* [DATA TO EXAMINE]:
-.-.-

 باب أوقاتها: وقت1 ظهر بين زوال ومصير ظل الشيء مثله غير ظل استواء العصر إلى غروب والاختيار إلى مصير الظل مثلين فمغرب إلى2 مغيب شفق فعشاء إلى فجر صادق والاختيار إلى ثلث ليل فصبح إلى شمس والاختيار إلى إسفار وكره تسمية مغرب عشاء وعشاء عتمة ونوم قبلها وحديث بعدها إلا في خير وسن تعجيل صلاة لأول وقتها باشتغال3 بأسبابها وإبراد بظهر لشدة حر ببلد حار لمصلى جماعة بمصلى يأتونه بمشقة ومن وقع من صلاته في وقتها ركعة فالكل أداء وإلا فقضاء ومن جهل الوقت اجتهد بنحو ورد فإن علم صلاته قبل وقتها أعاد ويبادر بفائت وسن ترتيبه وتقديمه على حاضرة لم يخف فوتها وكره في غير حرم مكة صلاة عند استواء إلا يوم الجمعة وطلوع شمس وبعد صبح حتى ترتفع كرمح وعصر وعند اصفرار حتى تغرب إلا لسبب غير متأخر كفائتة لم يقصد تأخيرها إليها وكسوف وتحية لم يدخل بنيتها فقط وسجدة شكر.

-.-.-

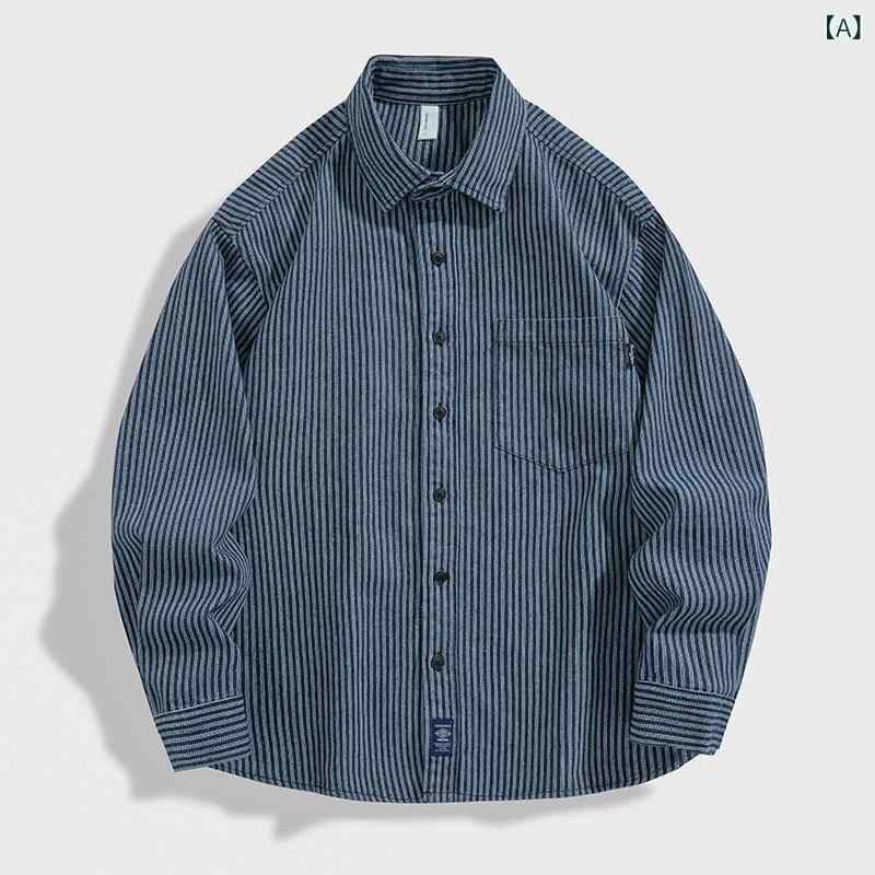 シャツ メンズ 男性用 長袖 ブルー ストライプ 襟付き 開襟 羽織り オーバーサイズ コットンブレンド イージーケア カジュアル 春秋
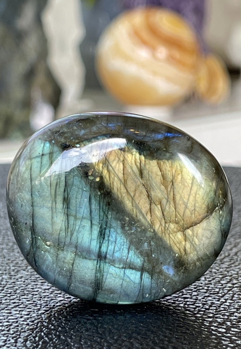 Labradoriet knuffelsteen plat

-.-.-

Copy word for word only the lines above from the one with "シャツ メンズ 男性用" through the one with "Labradoriet knuffelsteen plat". Leave pictures out.

 シャツ メンズ 男性用 長袖 ブルー ストライプ 襟付き 開襟 羽織り オーバーサイズ コットンブレンド イージーケア カジュアル 春秋
 Labradoriet knuffelsteen plat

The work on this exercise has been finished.